Podríamos pensar que estamos acercando más personas a nuestra manada con la facilidad que nos ofrece la tecnología de tener a todo el mundo al alcance de unas pocas teclas. Yo lo veo de otra forma: Nuestro cerebro está siendo confundido por emociones expresadas al gusto del momento... y nunca hemos sido completamente sinceros al momento de expresar premeditadamente emociones.
Nos será cada vez más difícil hacer empatía con la gente y tendremos cada vez más decepciones de las personas que integremos a nuestra manada. El resultado puede ser escepticismo cuando conozcamos una nueva persona.

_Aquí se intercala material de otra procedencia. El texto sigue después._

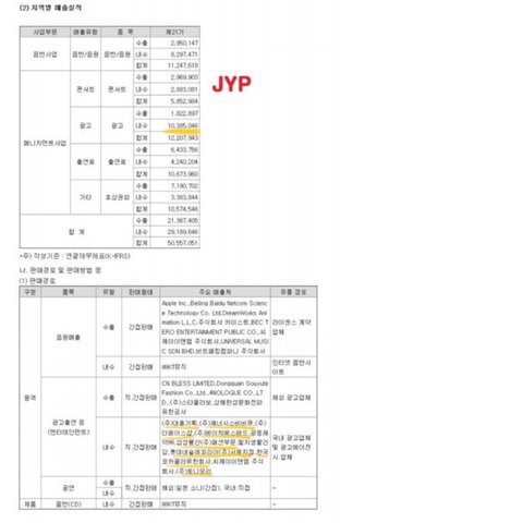 그에 비해 국내 광고 수입 100억이 넘는 JYP.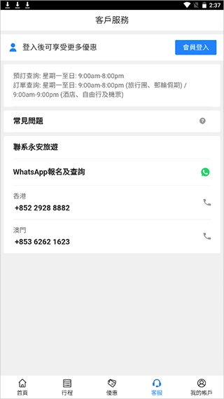 永安旅游,由香港永安旅遊有限公司精心打造,是一款超好用的旅游软件。它为用户提供酒店、飞机票、船票以及各类景点门票的订购服务,助力你更出色地规划旅游行程。在这儿,用户能够预订全球 200 多个城市的机票,从超 40 万间酒店以及众多廉价航空机票中随心挑选,大大减少你的困扰!软件还推出自由行套餐,可直接查看套餐具体内容,支持按需选择购买套餐,并且能查询关于吃喝玩乐的所有信息,旅游服务更为全面!有需求的朋友,欢迎使用!

Quizá mantengamos buenas relaciones virtuales y huyamos de las personales.
Si esto pasa nuestras manadas serán cada día más pequeñas y nuestro encierro será mayor.
Para mí nada sustituye la cercanía de una buena conversación cara a cara con personas que congenio.

FRASE DE LA SEMANA
"Cada día me doy cuenta que prefiero menos relaciones; opto mejor por pulir las buenas."